Ecosystem Changes (aka General Equilibrium Effects)#

One of the biggest challenges around scaling is that experiments may induce changes in the behavior of the individual users in an experiment, but they are unlikely to cause changes in the broader ecosystem of users who might respond to a full-scale change in a product. For example, an experiment that changes how product listings appear for a few hundred customers on Amazon won’t change what types of products sellers list on Amazon. But, if Amazon changed how product listings appear for all users on Amazon, you can be certain sellers would respond by changing what they sell and how they sell it. Similarly, a change in the TikTok algorithm rolled out to 1% of users won’t impact the kind of videos creators make, but global changes in the algorithm will absolutely change how creators design their content.

Economists refer to these kinds of second-order changes in behavior as “general equilibrium effects” (as distinct from “partial equilibrium effects,” which refers to the direct effect of a change in a system). Once you start to look for them, you see them everywhere.

The magnitude of general equilibrium effects will usually vary with the size of the initial stimulus, which is why experiments tend to underestimate the general equilibrium effects that emerge during full-scale rollouts. But ecosystem changes also take time, meaning that experiments run for days or weeks will tend to underestimate general equilibrium effects — another example of how the distinction between “time effects” and “scale effects” can sometimes be a little blurry.

The problems of experiments, external validity, and general equilibrium effects are not unique to e-commerce or tech platforms. To illustrate, consider the case of a public health experiment in Rajasthan, India.[2] India’s public health care system operates under a universal healthcare model – every household is close to a free (or nearly free) government facility, and on average, households are within two kilometers to the nearest clinic. However, absenteeism is a major problem in government medical facilities in Rajasthan, leading to the dependence upon expensive private practitioners instead. So, in cooperation with the health officials and a nongovernmental organization (NGO), a set of researchers designed an experiment in which the NGO setup timeclocks to monitor attendance of midwife nurses at rural government clinics. The government then used the data to apply fines and punishments to nurses’ wages if they failed to show up at the clinic. During the first six months of the study, the experiment proved to be a huge success, with attendance nearly doubling.

But in a follow-up conducted 16 months later, the authors discovered that “general equilibrium effects” had come into play, and nurses dissatisfied with fines had managed to mobilize against the system. In the authors’ words, “After the first 6 months, however, the local health administration deliberately undermined the incentive system. The result was that, 16 months after program inception, there was no difference between the absence rates in treatment and comparison centers; both were extremely high (over 60%).”[3]

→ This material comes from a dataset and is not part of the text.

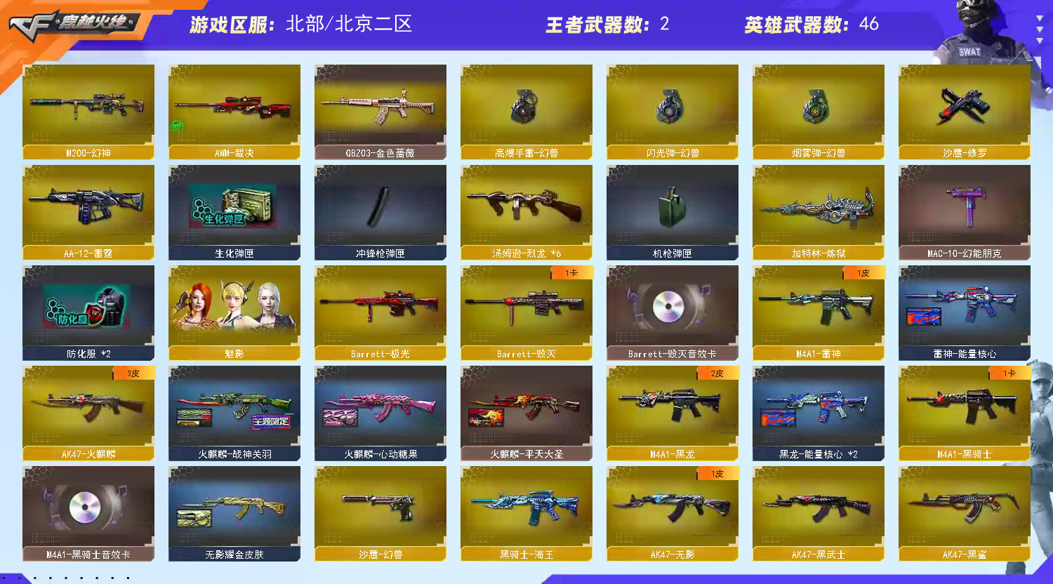 【主 武】:M200幻神、6烈龙死亡之眼、王者之翼、王者之魄、炫金雷神、炫金毁灭X2、火麒麟X2、黑龙、雷神、无影、黑骑士、黑武士X2、超新星、黑鲨、龙血X2、无影神兵利器、QBZ金色蔷薇、猎神、烈火X2、黑骑士海王、天龙、毁灭、极光、裁决、金色蔷薇巴雷特X2、加特林炼狱、AA12雷霆、毁灭征服者、冰龙粉碎者、机甲撕裂者、激光毁灭者、圣炎切割者、深渊巨龙咆哮、神圣爆裂者、试炼破坏者、苍雷、金魔等各种活动武器

In this case, of course, we know about the general equilibrium effect because the experiment was relatively large — it covered 72 clinics (33 “treated”) serving 135 villages — and was left running for a year and a half. But the main point — that these effects are not at all unique to big tech and are likely to be overlooked by most experiments — still stands.

Wrapping Up#

Experiments are incredible. We have all benefited from lessons learned through medical experiments, and no other research design is as effective at convincing the general public of an intervention’s effectiveness. But they are not the be-all and end-all of answering causal questions. Even when experiments achieve high internal validity through effective randomization and careful management of spillover effects, their results may not generalize. Learning to recognize both the power and the perils of experiments is an important part of being a thoughtful data scientist, and hopefully the basic typology of common external validity concerns presented here will help you on that journey.